Mit hoher Wahrscheinlichkeit keine Erdgasknappheit in diesem Winter
Noch ist es zu früh für eine komplette Entwarnung und die Unsicherheiten der Wetterprognosen kennen wir zur Genüge. Allerdings ist ein aktueller Erdgas-Speicherfüllstand von 83 Prozent eine solide Kalkulationsbasis für den restlichen Winter.
Die Wetterprognosen sehen für die kommenden zwei Wochen keinen wirklichen Frost in den Ballungsräumen vor. Zudem wird in der nächsten Woche mit viel Wind gerechnet, so dass die Windräder wieder einen ordentlichen Beitrag zur Stromerzeugung liefern werden.
In den vergangenen zwölf Jahren erfolgte in der zweiten Februar-Hälfte lediglich einmal ein Flachland-Wintereinbruch, nämlich im Jahr 2018 (22. Februar bis 3. März). Der März bescherte in den vergangenen zwölf Jahren maximal fünf Tage hintereinander Winterwetter im Flachland.
Hier scheint uns die Erderwärmung, man mag es ja kaum aussprechen, in die (Gas-) Karten zu spielen. Ein Füllstand der Erdgasspeicher oberhalb von 65 Prozent für Ende März 2023 deutet sich als ein realistisches Szenario an. Damit werden wir am Ende des Winters eklatant über den Minimum-Füllständen der Jahre 2018 -2022 (weniger als 30 Prozent) stehen.
Dies hat natürlich sehr direkte Auswirkungen auf die Entwicklung des Gaspreises, denn somit entfällt im Frühjahr und Sommer eine starke und teure Auffüllung der Speicher. Es gibt LNG-Tanker, die seit zwei Monaten in spanischen Gewässern kreuzen, ohne ihre Ladung zu löschen. Anscheinend warten die Betreiber auf bessere Preise. LNG-Tanker verlieren pro Tag etwa 0,15% ihrer Ladung. Dies ist die sogenannte BOR (Boil-off-Rate). Nach einem Monat beträgt der Verlust 4,1% und nach zwei Monaten 8,3%. Würde ein Tanker sechs Monate auf einen besseren Preis warten, hätte er 25% seiner Ladung verloren. Der Druck, die Ladung zu löschen, steigt mit jedem Tag, den ein Tanker auf dem Meer „verplempert“.

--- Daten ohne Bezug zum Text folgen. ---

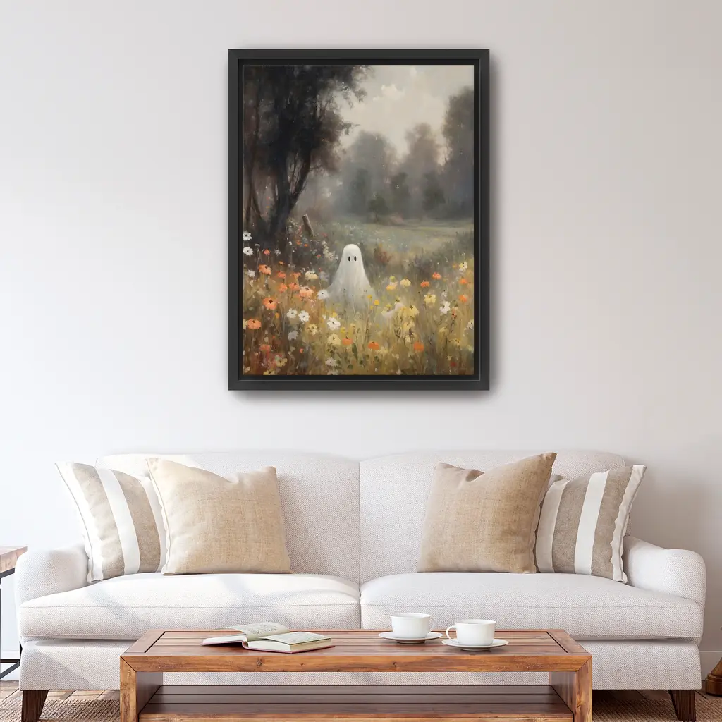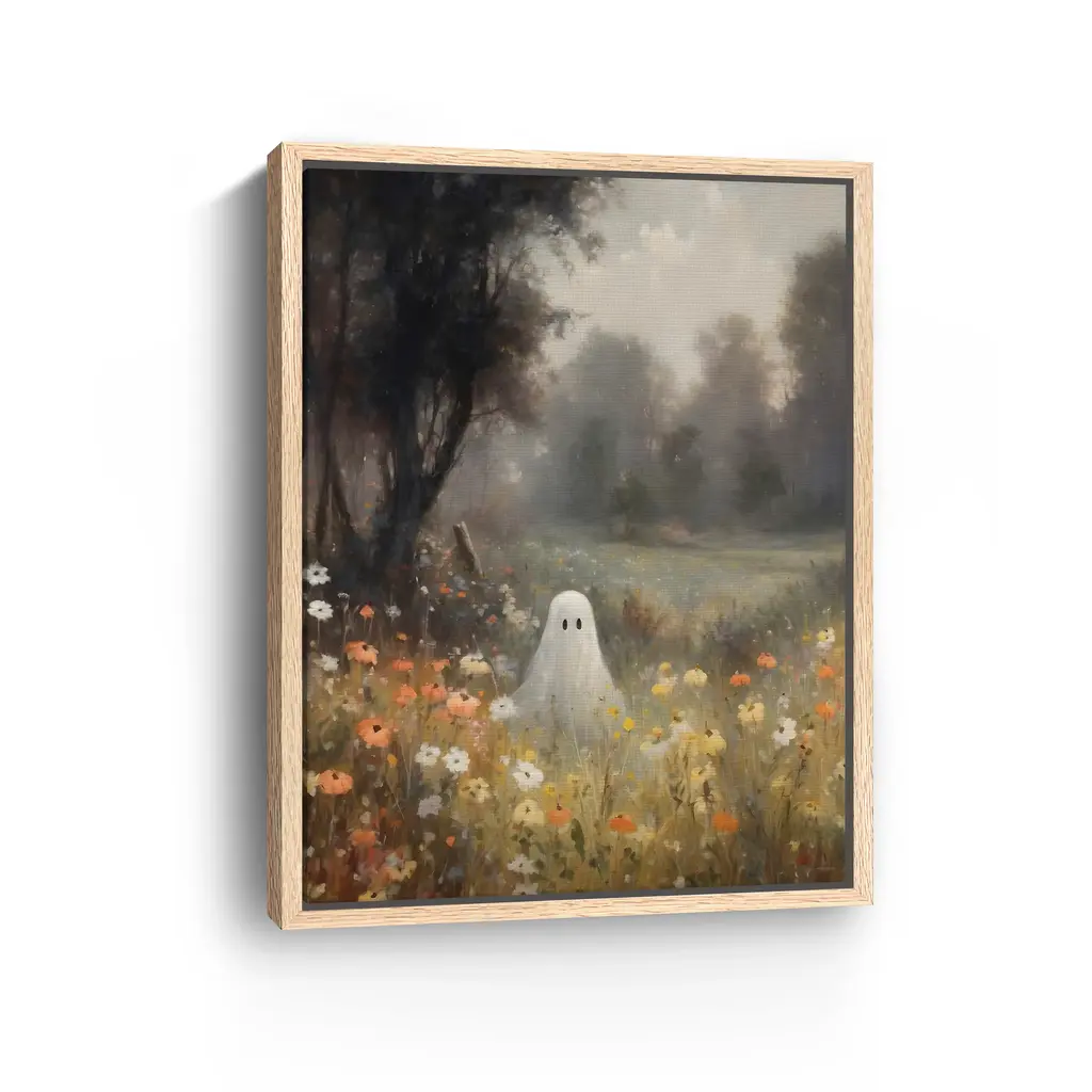A spectral figure stands quietly in a field of fading flowers, casting soft light through swirling fog. Deep charcoal, muted orange, and soft green tones evoke a sense of mystery and seasonal magic. Our Gallery Wrap Canvas Prints are proudly assembled with high quality materials in California, USA. Each piece is printed on a thick, archival grade canvas using Giclee technology. It is then hand-stretched by our experienced artisans over solid wood bars, which will not warp over time. The final product is a piece personally crafted for you to confidently display on your wall. Care and Assembly: Ensure that the location of your piece has little to no exposure to heat, sunlight, and moisture. Wipe clean, only if needed. Each piece includes hanging hardware to hang on your wall vertically.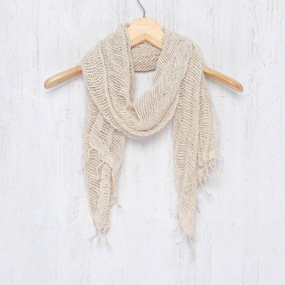 I've searched for a scarf such as this one for so many years and could barely believe my luck when I found it here. This is a beautiful piece of wearable art. I'm so incredibly grateful to the artisan for making such an airy, simple and elegant garment that effortlessly dresses up any outfit. It's one of those pieces that makes you look pulled together without trying too hard. It also will be great for summer to keep my neck from getting a chill in air conditioning.Make sure you gently hand wash before wearing as the cotton tends to shed a bit at first.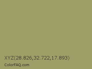 XYZ 28.826,32.722,17.893 Color is a normal yellow color and the nearest color is Gurkha #9a9577. Hex code #9e9e68 and RGB value is rgb(158,158,104). In RGB color space, this color is composed of 62% red, 62% green, 41% blue, In CMYK color space, this color is composed of 0% cyan, 0% magenta, 34% yellow , 38% black , In HSL color space, this color has a hue angle of 60° , 22% saturation and 51% lightness.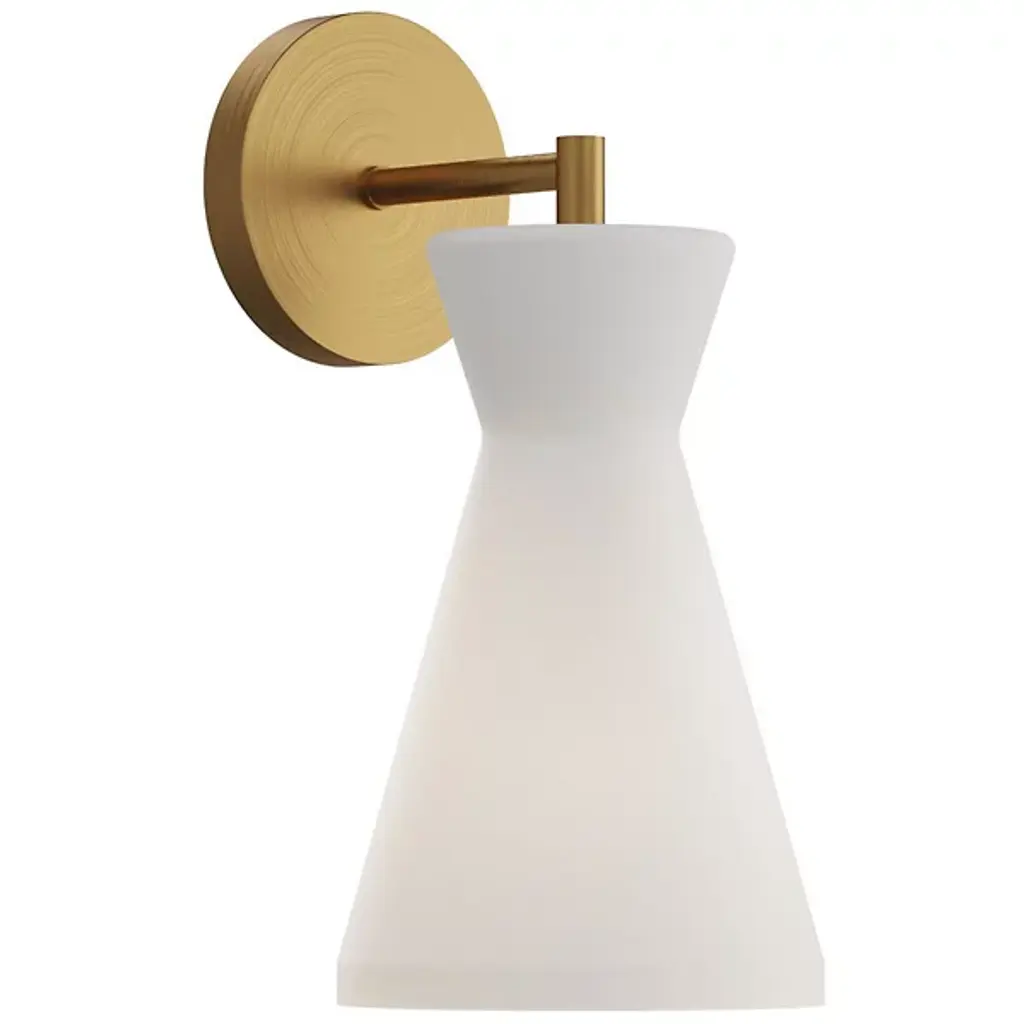 Enhance interior walls with the striking, sculptural character of the Betty Wall Sconce from Alora Mood. An inspired retro-modern design that contrasts a streamlined steel suspension structure emerging from a small disc wall plate with a matte-textured glass shade that flares out around the lamping, it adds a tasteful vintage presence to its surroundings. The glass transforms direct glare into a mix of focused downlight and reflected warmth, expressed as a layered wall wash through the shade’s open base.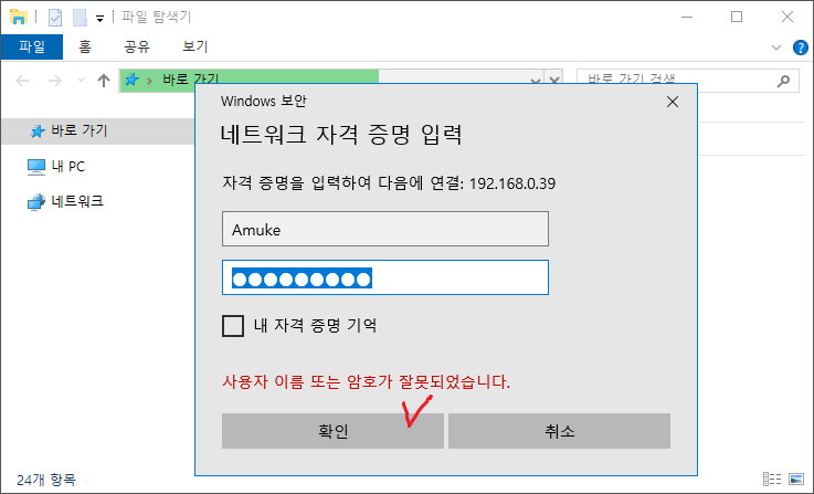 45. 사용자 컴퓨터에서 폴더의 바로가기 란에 \\서버주소를 입력하여 접속 테스트를 한다.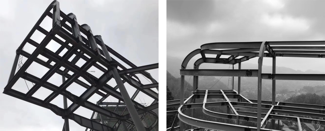 考慮到山地以及曲面施工的復(fù)雜性,建筑主體采用鋼結(jié)構(gòu)體系,外部包裹金屬鋁板,內(nèi)部與室內(nèi)界面留出空腔填充輕質(zhì)保溫及防水材料。它們整體在工廠加工完成,并在現(xiàn)場完成吊裝,建造簡易迅速,運(yùn)輸方便安全。這樣的選擇,也充分應(yīng)對(duì)了鄉(xiāng)村現(xiàn)場施工的精度不足,以及山地施工的復(fù)雜條件帶來的挑戰(zhàn)。

Wenn man diese Gedanken zusammenfügt und zu Ende denkt, dann ist ein erneuter und vor allem starker Anstieg des Gaspreises in Europa in den kommenden Monaten kaum zu erwarten. Dies sind gute Nachrichten für alle Verbraucher. Aber weiterhin ist das beste Gas jenes, das gar nicht verbraucht wird und somit auch erst gar nicht gefördert werden muss.
Bleiben Sie bitte gesund und denken Sie daran, dass der Wochenendspaziergang bei jedem Wetter seinen Reiz hat.